Task to carry out:
Down to the last line below, write out every line exactly, starting with the one that contains "Ремешок для часов" and leaving out the pictures.

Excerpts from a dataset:
++++++++

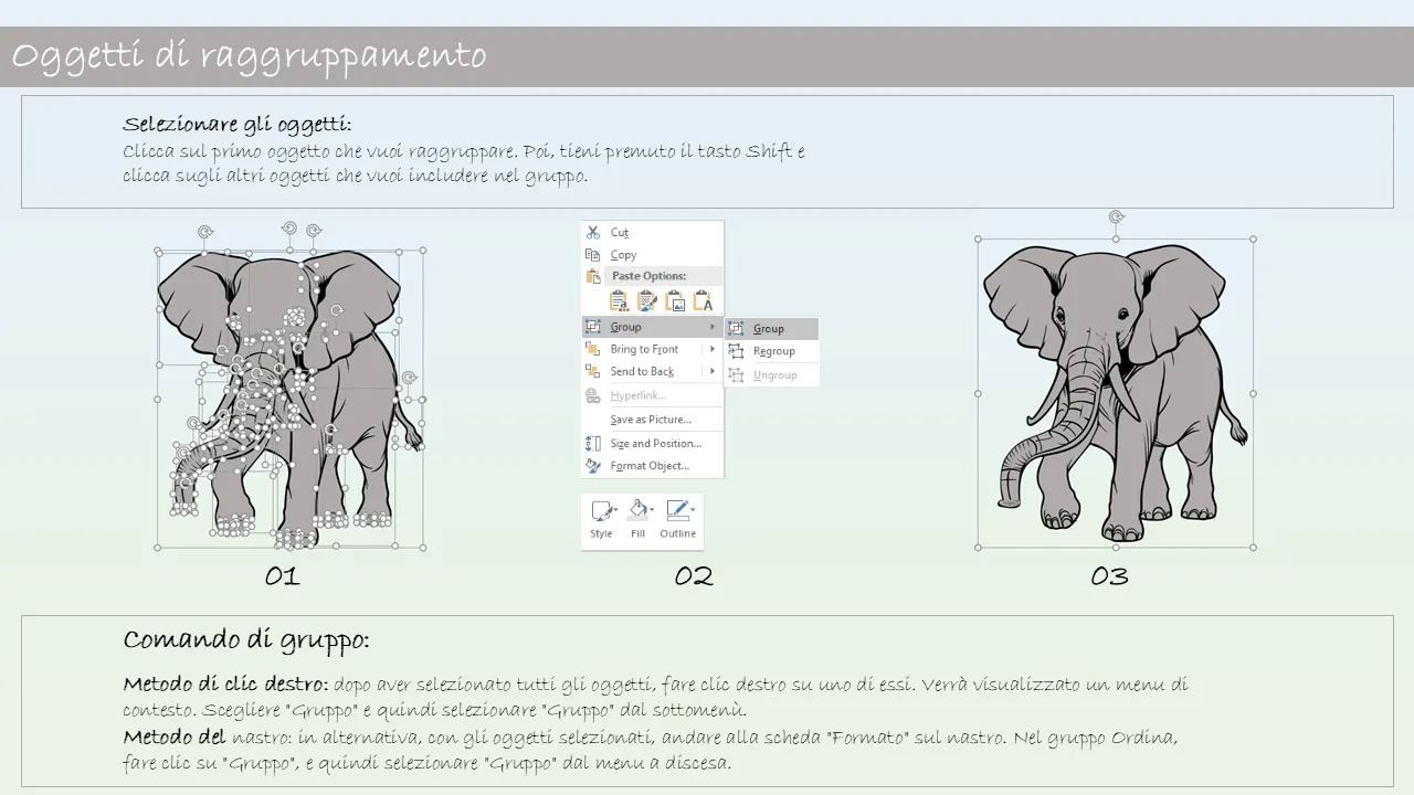 - Funzionalità di trascinamento per un rapido assemblaggio della presentazione
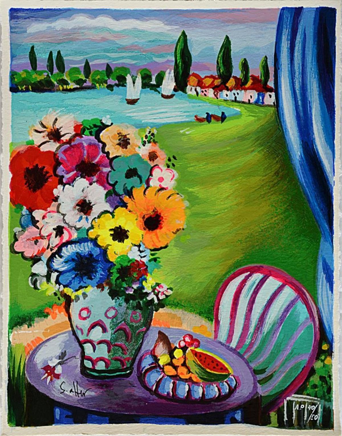Artist: Shlomo Alter - Title: Breakfast by the Lake - Medium: Serigraph on Fine Art Paper - Signature: Hand-signed by the Artist - Limited Edition: AP 50 - Paper Size: Approximately 12.25 inches x 9.5 inches - Unframed - Details: This work comes with a Certificate of Authenticity - Biography: Shlomo Alter was born in Romania to a family of restaurateurs. He emigrated to Israel in 1948 and during high school he started to study painting under the well known artist Aaron Avni. Some of his early works appeared in UNICEF'S world touring exhibition of young artists. Altar's works are influenced by his early recollections of the well dressed people who gathered in the courtyard of his parent's restaurant in Bucharest to eat and drink, to dance of Gypsy bands, and to enjoy the convivial atmosphere. With a touch of optimism and good humor Alter's art reflects life at its core, an antithesis to the Nazi regime that shattered his childhood happiness. His paintings are like stage set on which the objects relate to each other through a glow of colors and lines - a frozen moment in time, a dynamic stillness prior to a burst of action. His style can best be compared to that of the Expressionists. He uses color to give direct expression to his ideas in influence by the famous, particularly Matisse and Duty.
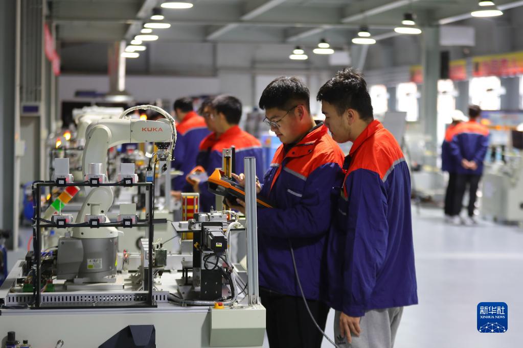 11月2日,在沈陽工學院工業機器人實訓中心,機器人工程專業學生進行工業機器人基礎實踐應用操作。
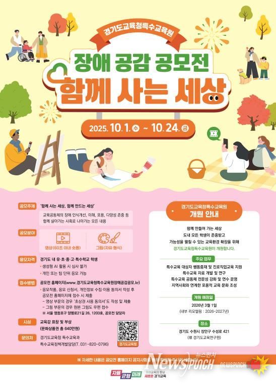 이번 공모전은 2026년 3월을 목표로 개원을 준비 중인 (가칭)경기도교육청특수교육원 설립을 앞두고, 장애 공감 문화 확산과 장애 인식 개선, 도민과 함께 적극 소통하기 위한 취지로 마련했다.
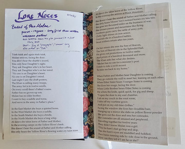 I chose to examine the Ballad of Hua Mulan first because itās a story Iām familiar with and would provide me with a quick study of the compositional difference between a ballad and an epic. Iāve also always wanted a copy of the translated text so, you know, win win. After reading the story and understanding the format, I decided a ballad is not the direction Iām wanting to go - at least not for the primary stories I have in mind, and further study of the other styles solidified for me that what I am striving for is a kind of epic, though less poetic, and without any rhyming.
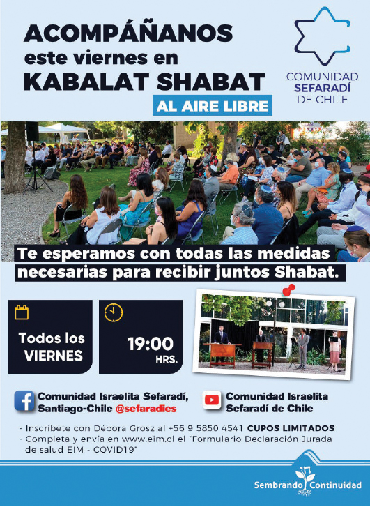 Desde hace algunas semanas comenzamos a recibir Kabalat Shabbat al aire libre, una linda instancia que nace bajo la necesidad de cumplir con los aforos permitidos tras la pandemia que vivimos desde el 2020 y hoy se vuelve una necesidad tras manifestarse las variantes actuales y los altos contagios.
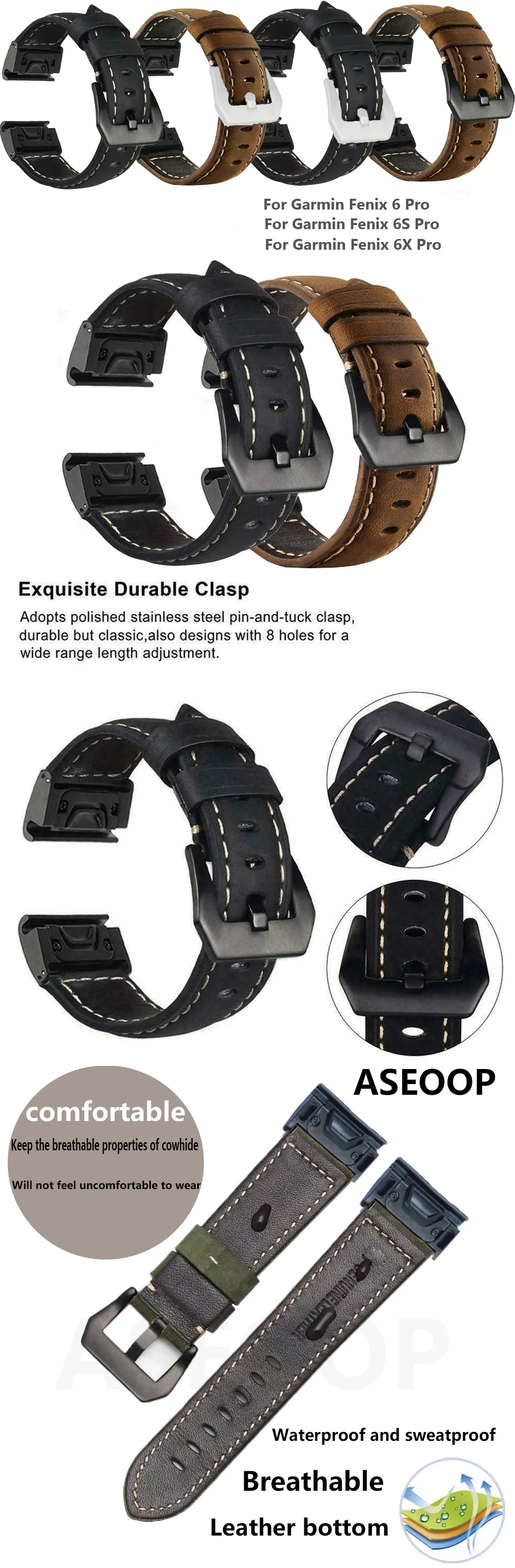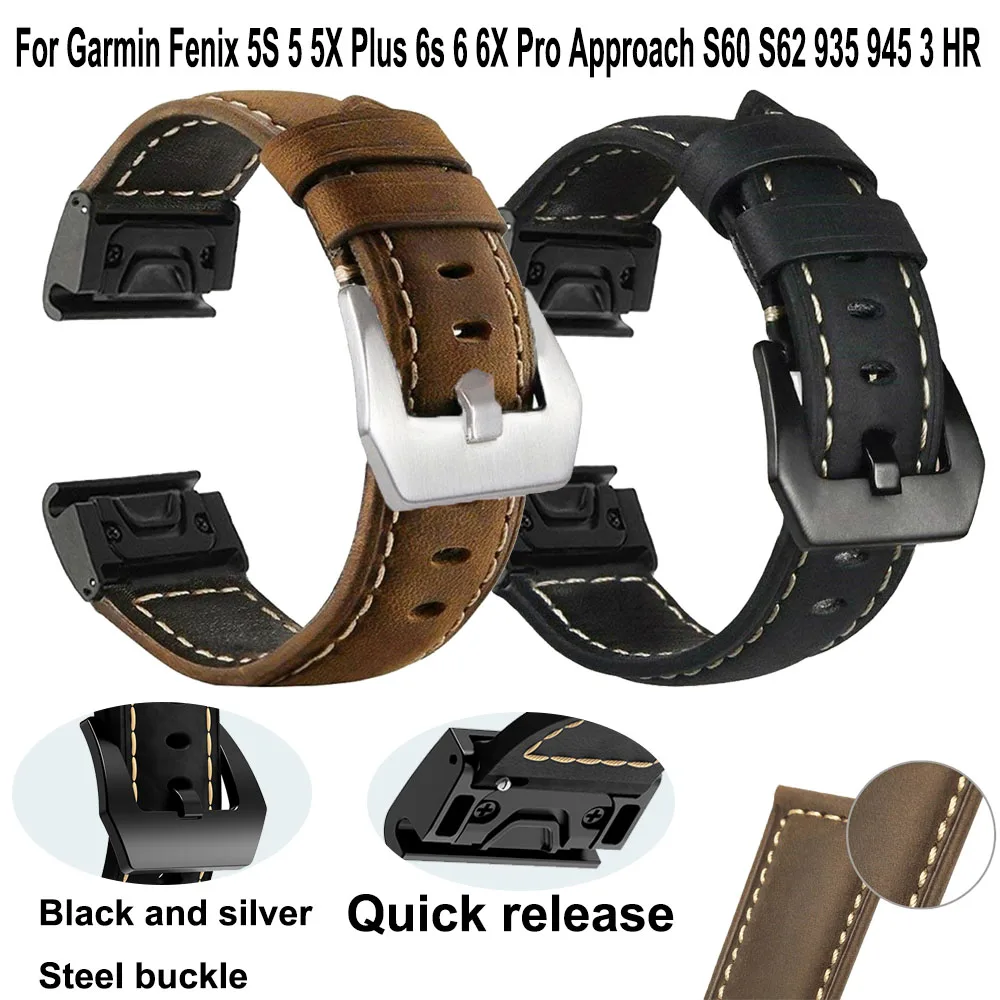 Ремешок для часов из натуральной кожи для Garmin Fenix 6X 6 6S Pro 5X 5 5S plus 3 3HR Forerunner 935 945 ремешок для браслетов умные аксессуары
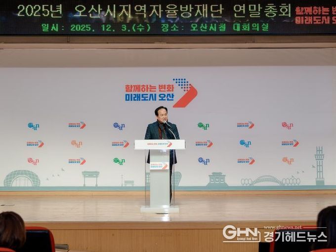 경기헤드뉴스 임수연 기자 | 오산시 지역자율방재단은 지난 3일 오산시청 3층 대회의실에서 ‘2025년 연말 총회’를 개최하고 한 해를 안전하게 마무리하는 시간을 가졌다. 이번 총회에는 이권재 오산시장, 이상복 오산시의회의장, 성길용 부의장, 시의원 4명을 비롯한 지역 관계자와 방재단원들이 참석했다.

++++++++

Written response:
 Ремешок для часов из натуральной кожи для Garmin Fenix 6X 6 6S Pro 5X 5 5S plus 3 3HR Forerunner 935 945 ремешок для браслетов умные аксессуары
 경기헤드뉴스 임수연 기자 | 오산시 지역자율방재단은 지난 3일 오산시청 3층 대회의실에서 ‘2025년 연말 총회’를 개최하고 한 해를 안전하게 마무리하는 시간을 가졌다. 이번 총회에는 이권재 오산시장, 이상복 오산시의회의장, 성길용 부의장, 시의원 4명을 비롯한 지역 관계자와 방재단원들이 참석했다.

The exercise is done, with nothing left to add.